As if reality TV villain Tom Sandoval could dig the hole he finds himself in any deeper at this point, the Scandoval cheater-heard-'round-the-world outdid himself by drawing a rather cringe comparison centered on his infamous liaison's cultural impact in a New York Times profile published Tuesday.

When asked why he thought Scandoval — the salacious scandal in which he cheated on his longtime girlfriend Ariana Madix with fellow Vanderpump Rules reality star (and Madix's best friend) Raquel Leviss — received so much attention, Sandoval drew a troubling analogy.

“I’m not a pop-culture historian really,” Sandoval explained, “but I witnessed the O.J. Simpson thing and George Floyd and all these big things, which is really weird to compare this to that, I think, but do you think in a weird way it’s a little bit the same?”

Oh Tom. If only you had stopped yourself at “which is really weird to compare this to that”. Even for a guy with a history of poor decision making, comparing a trashy reality TV show affair to the nationwide reckoning about racism and police brutality following George Floyd's death was a stunningly bad move, to say the very least.

Sandoval and Bravo's PR teams appeared to go into crisis mode rather quickly after this.

The New York Times reporter even tried to give him the benefit of the doubt. “I think I knew what he meant. He was trying to express the oddity of becoming the symbolic center of a nationwide discussion and a major news story; what he communicated instead was something more honest, which is just how much the experience had made him lose perspective,” the article read.

Rylie, a member of Sandoval's new PR team present at the time of Sandoval's cringe statement, said shortly afterward that “sometimes he says too much.” She then added, “and the following day forgets what he says.”

The article further reveals that Rylie's boss, Sandoval's publicist, wrote a text to the reporter the next day cancelling a follow-up appointment. “He'd [Sandoval] rather you don't attend today. He's not feeling the best,” the note read. The reporter also got calls from a Vanderpump Rules executive producer and Bravo publicist inquiring about what Sandoval said concerning O.J. Simpson and George Floyd.

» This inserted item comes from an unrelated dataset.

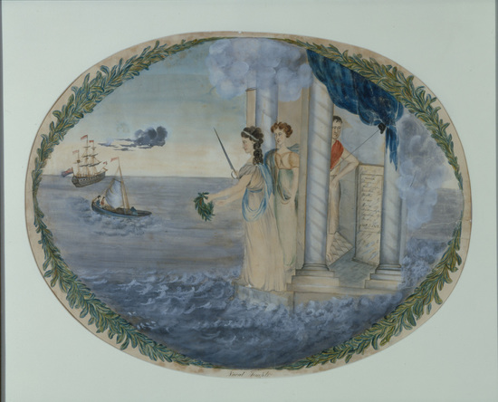 Classical temple at right; two women in classical Greek garb, one on left with sword and wreath gesturing to an American 3-masted ship and an L-masted boat with three men in it. Man in temple with sword; faces right to pedestal that contains the inscription, "Truxton/Bainbridge/Decatur/Hull/Jones/Perry/McDonough/Lawrence/Porter/1812 & 1813." Entire scene is within an oval which is framed with green leaves.

The general consensus was that Sandoval wasn't ready for this and they delayed letting him speak to the reporter again.

But the damage has been done at this point. Tom Sandoval‘s obliviousness about the optics of his words will offend many and stir more controversy surrounding Scandoval. Then again, that pretty much describes all the reality TV drama on Vanderpump Rules these days, so maybe Bravo doesn't need to go into crisis mode after all. Maybe Sandoval just needs to stop being given a pulpit.